RECORDED DATA:
- Opening Delimiter -
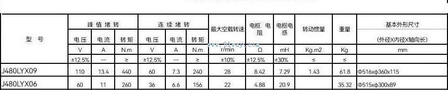J480LYX06型永磁直流力矩電動機
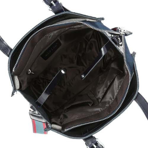 Внутри: одно большое отделение с карманами на молнии и без для документов, телефона и мелочей, и два боковых отделения на крепких кнопках-магнитах. В комплекте два наплечных ремня: один из натуральной кожи, регулируемый по высоте. Второй ремень из высококачественного текстиля, который может отличаться расцветкой от заявленной на фото. На дне сумки расположены металлические ножки, предохраняющие от потёртостей. Модель хорошо держит форму. Сумка закрывается на молнию.
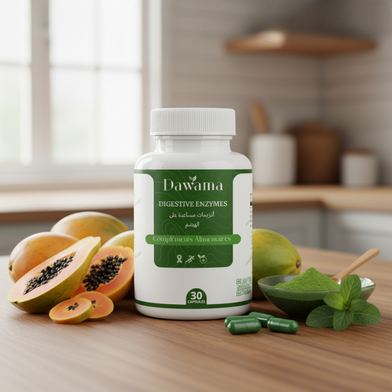 وصف: مكمل غذائي مصمم لدعم صحة الجهاز الهضمي من خلال تعزيز عملية الهضم وامتصاص العناصر الغذائية بكفاءة. يحتوي على مزيج من الإنزيمات الهاضمة التي تساعد في تقليل الانتفاخ وتحسين راحة المعدة.
- Closing Delimiter -
EXERCISE BRIEF:
Please write out all the data again word for word, but not the pictures.

REPLY:
J480LYX06型永磁直流力矩電動機
 Внутри: одно большое отделение с карманами на молнии и без для документов, телефона и мелочей, и два боковых отделения на крепких кнопках-магнитах. В комплекте два наплечных ремня: один из натуральной кожи, регулируемый по высоте. Второй ремень из высококачественного текстиля, который может отличаться расцветкой от заявленной на фото. На дне сумки расположены металлические ножки, предохраняющие от потёртостей. Модель хорошо держит форму. Сумка закрывается на молнию.
 وصف: مكمل غذائي مصمم لدعم صحة الجهاز الهضمي من خلال تعزيز عملية الهضم وامتصاص العناصر الغذائية بكفاءة. يحتوي على مزيج من الإنزيمات الهاضمة التي تساعد في تقليل الانتفاخ وتحسين راحة المعدة.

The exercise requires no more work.